JAKIM JESTEŚ TYPEM PRZEDSIĘBIORCY?
Takim, który puszcza wszystko na automacie i zleca, co się da? Chętnie korzystasz z urlopów i dobrodziejstwa delegowania zadań w swojej firmie? A może masz wirtualną asystentkę i wiesz, że świetnie zastąpi Cię podczas nieobecności.
Być może sama jesteś wirtualną asystentką, masz kilku stałych klientów, wiele zleceń i zastanawiasz się, jak tu pójść na urlop i jak wykorzystać ten czas.
A może należysz do tej freelancerskiej grupy, u której wakacje to sezon ogórkowy, na który trzeba nazbierać nieco środków wcześniej, bo wiadomo, że dochody będą niższe.
Albo wręcz przeciwnie, działasz w takiej branży (jak na przykład ślubna), w której w czasie wakacji nie wiadomo w co ręce włożyć, tyle jest pracy.
Niezależnie od tego, którą branżę reprezentujesz, jedno jest pewne: wakacje warto dobrze wykorzystać.

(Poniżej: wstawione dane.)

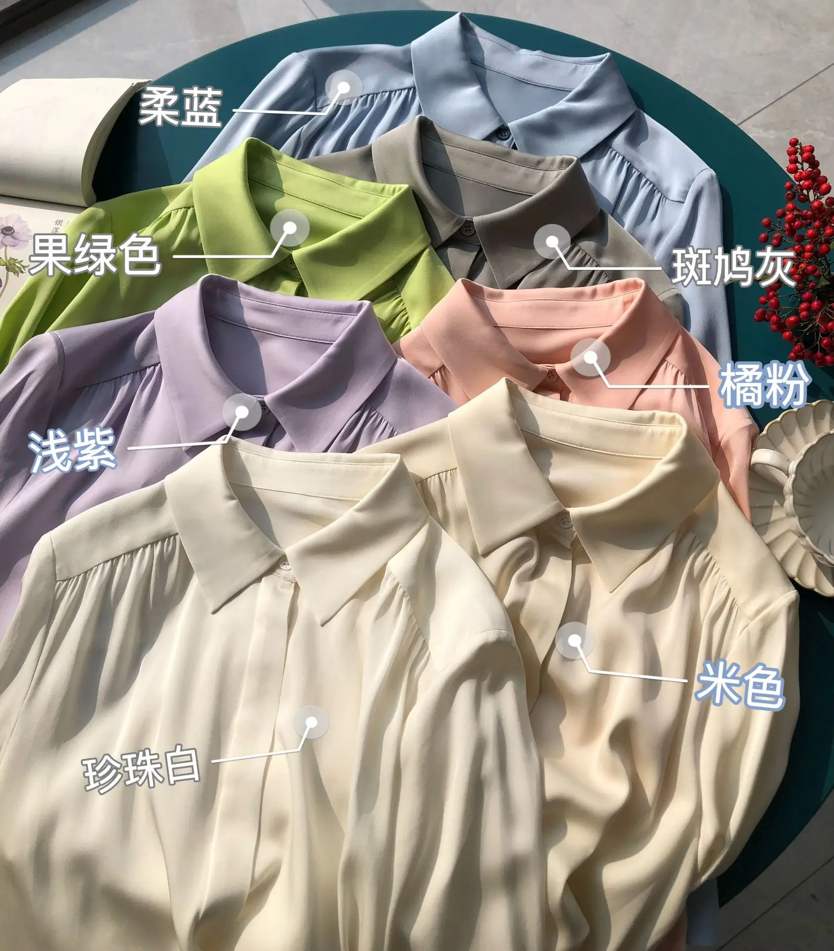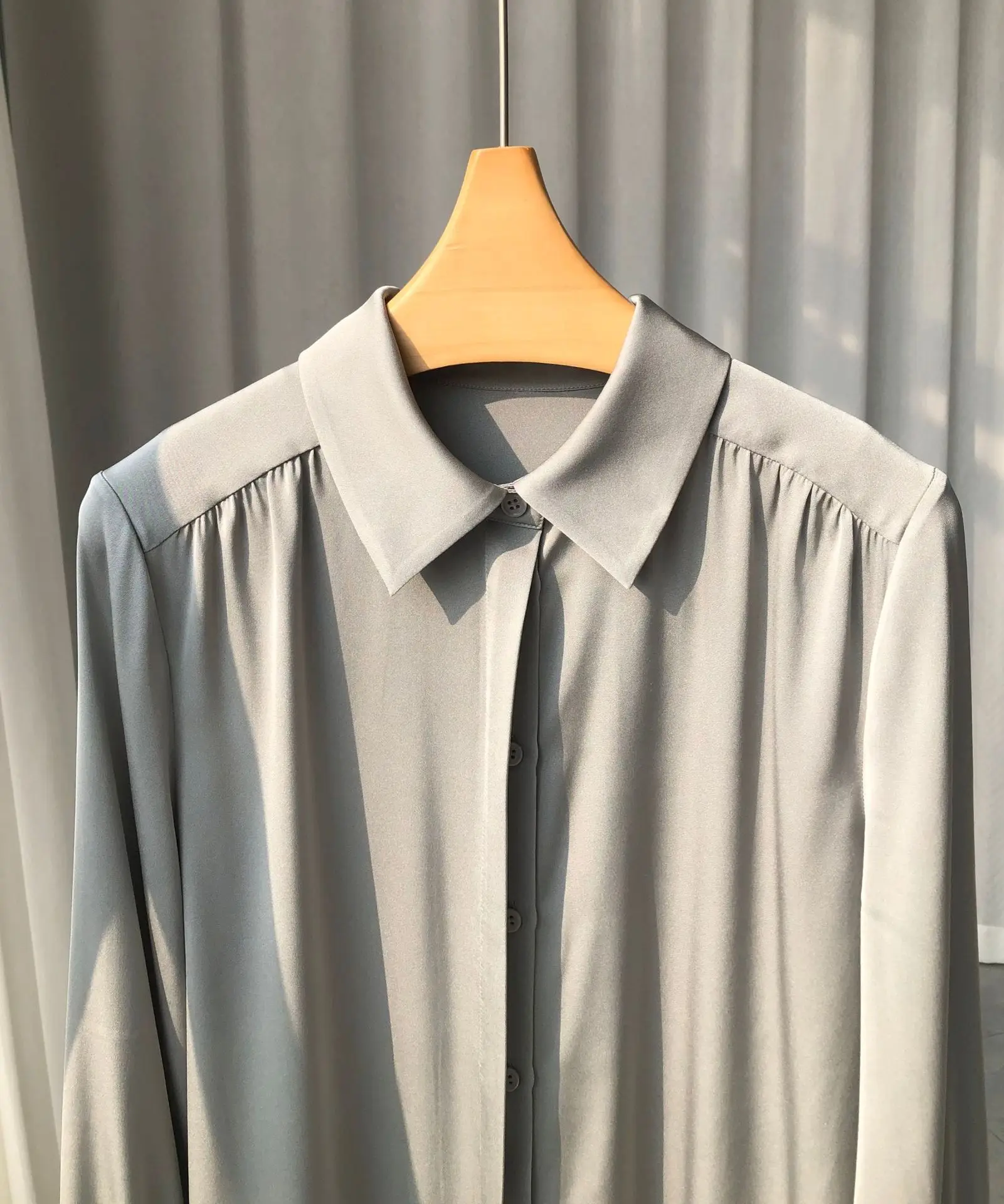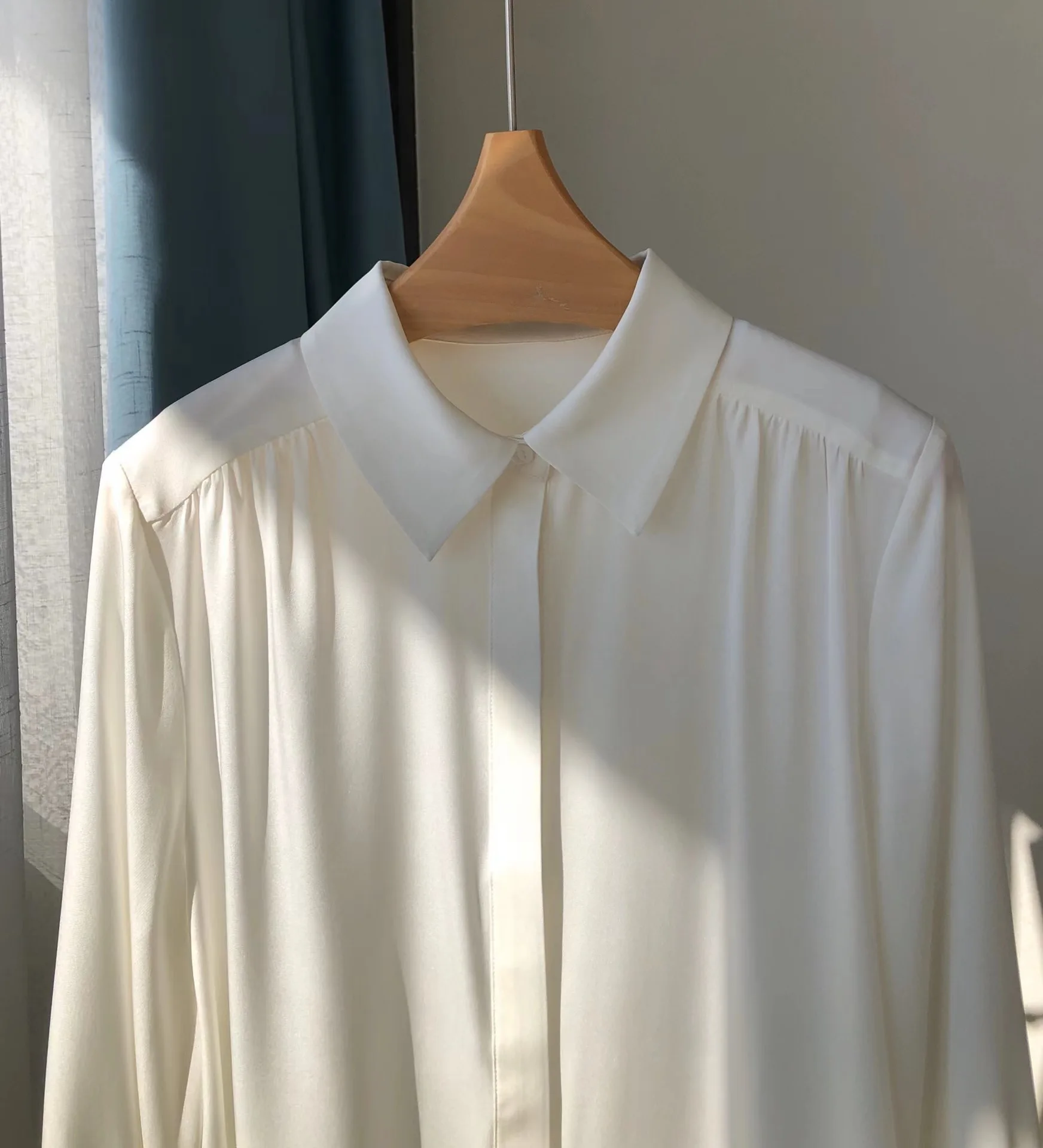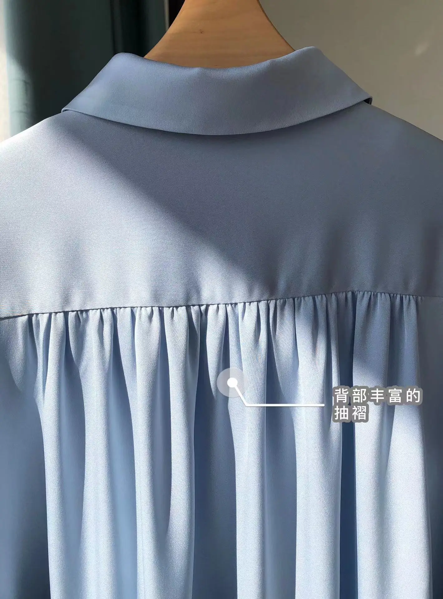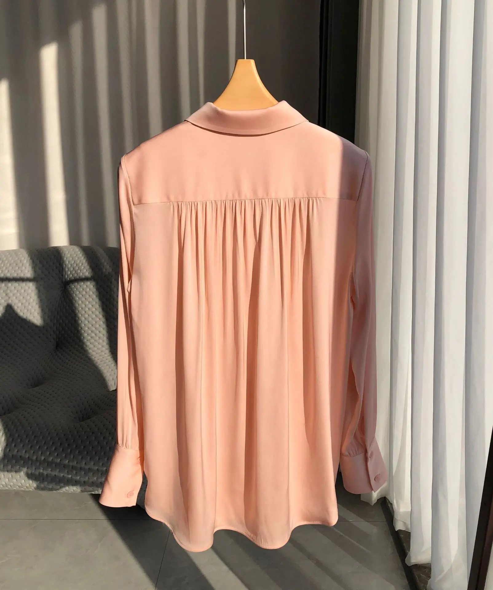 Elegant and Simple Smooth Double Joe Satin Pleated Silk Shirt Elegant Restrained Womens Silk Blouse Mulberry Silk Shirt
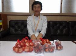 本日、更生保護女性会の本地区担当、荒川恵子様が来校され、チューリップ球根80個を寄贈してくださいました
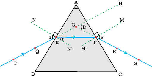 प्रिज़्म के अपवर्तक पृष्ठों AB तथा AC पर क्रमशः बिंदुओं E तथा F पर अभिलंब खींचिए।
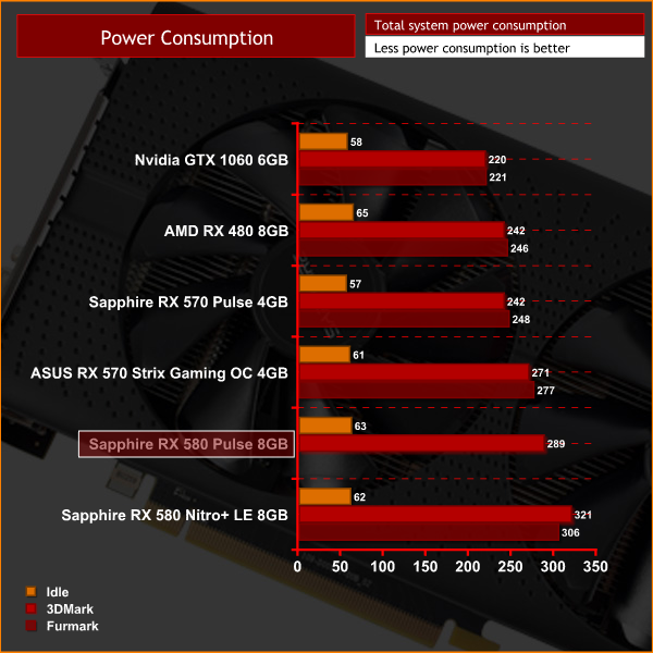 While I did not get a result for FurMark, the 289 Watt power draw reading taken while running 3DMark matches the figures I saw while gaming. This is higher than the reference RX 480 8GB, due to the factory overclock, and is considerably more than the GTX 1060.
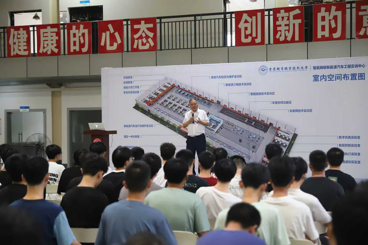 课堂上,石晓辉校长围绕汽车行业国际国内发展趋势、未来人才需求及同学们到校后的学习规划等展开深入讲授。他凭借清晰的行业视野与专业的洞察力,帮助新生建立专业认知、坚定学习信念,并鼓励大家夯实技能基础、提前规划成长路径。
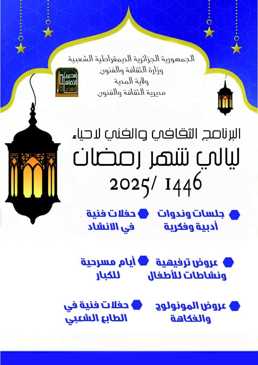 سطرت مديرية الثقافة والفنون بالتنسيق مع المؤسسات الثقافية تحت الوصاية؛ الجمعيات الثقافية ؛ وعدد من الشركاء والفواعل الثقافيين برنامج ثقافي وفني شامل ومتنوع يمتد على مدار الشهر الكريم يراعي ويلبي اذواق كافة الشرائح والفئات العمرية ويتناسب وخصوصية الشهر الفضيل.
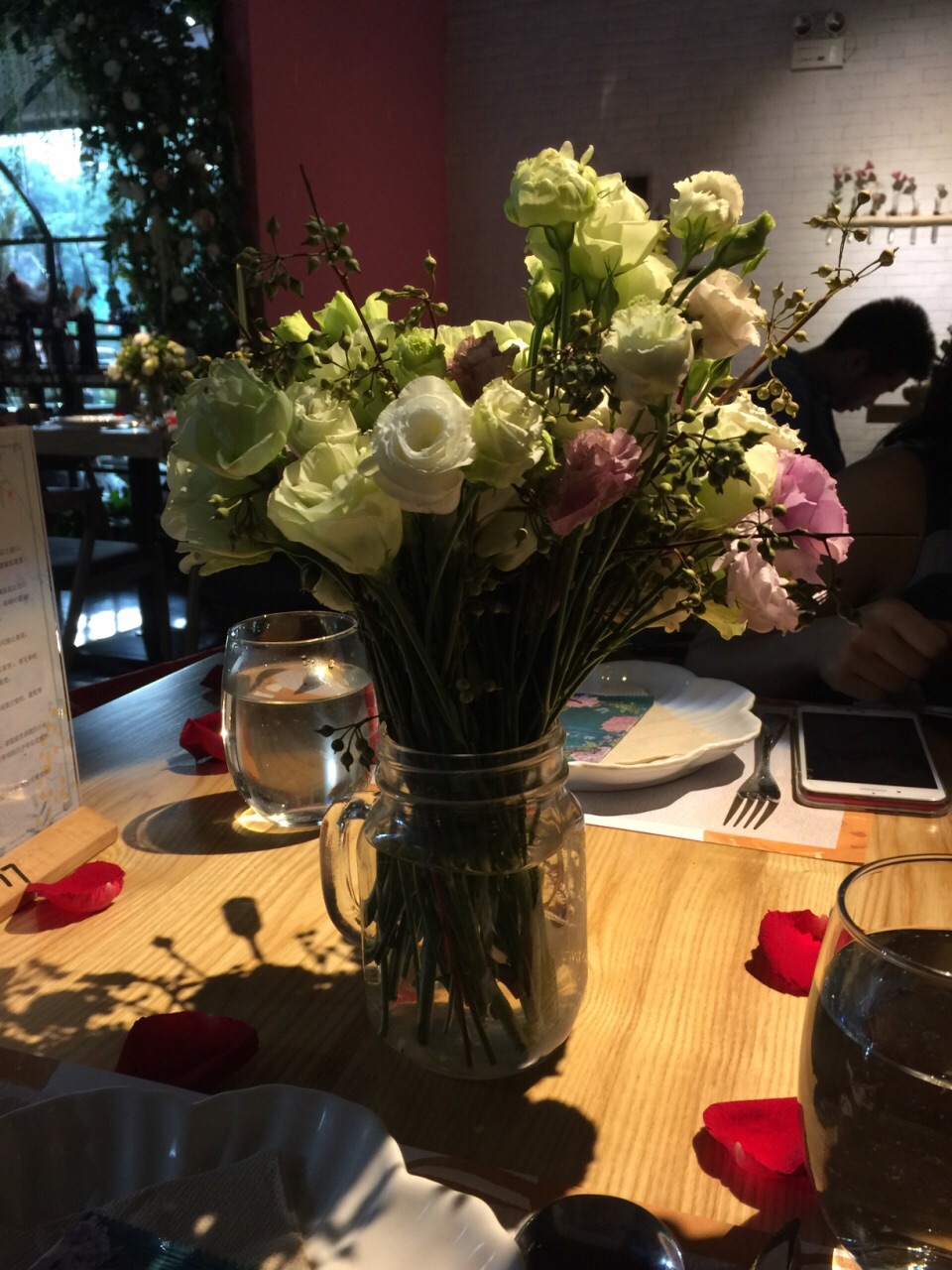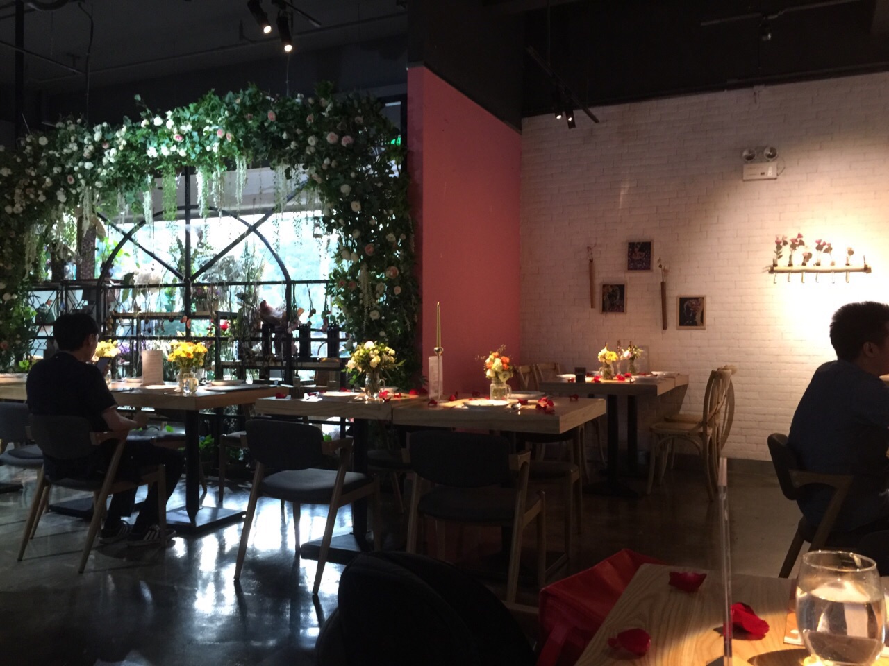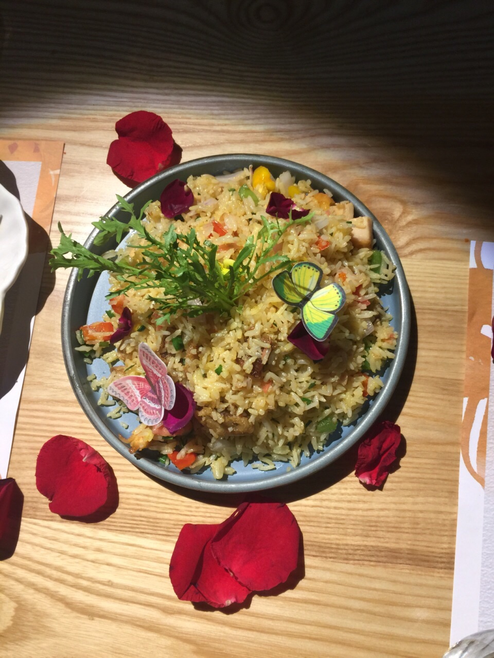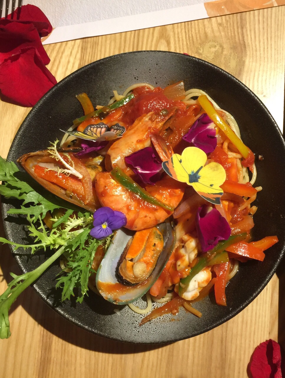 环境很不错,到处都能看到花,包括桌面都洒满了玫瑰花瓣,是专门提供给人求爱求婚,生日,纪念日的好地方。食物出品也装饰得很美,每盘菜都有花蝴蝶,当然是假的,味道一般吧,主要来吃环境,挺舒服的一个聚餐环境。可以来体验一下!

CZY WORKATION SIĘ SPRAWDZA
W tym miejscu muszę Ci się do czegoś przyznać. Ostatnie wakacje takie z prawdziwego zdarzenia, bez komputera, telefonu pod ręką i co najmniej jednej rozmowy czy wymienionego z klientem maila dziennie, miałam cztery lata temu, tuż po odejściu z etatu. To był ostatni raz, kiedy zamknęłam za sobą drzwi biura i pojechałam na urlop, tylko trochę stresując się tym, co będzie po powrocie.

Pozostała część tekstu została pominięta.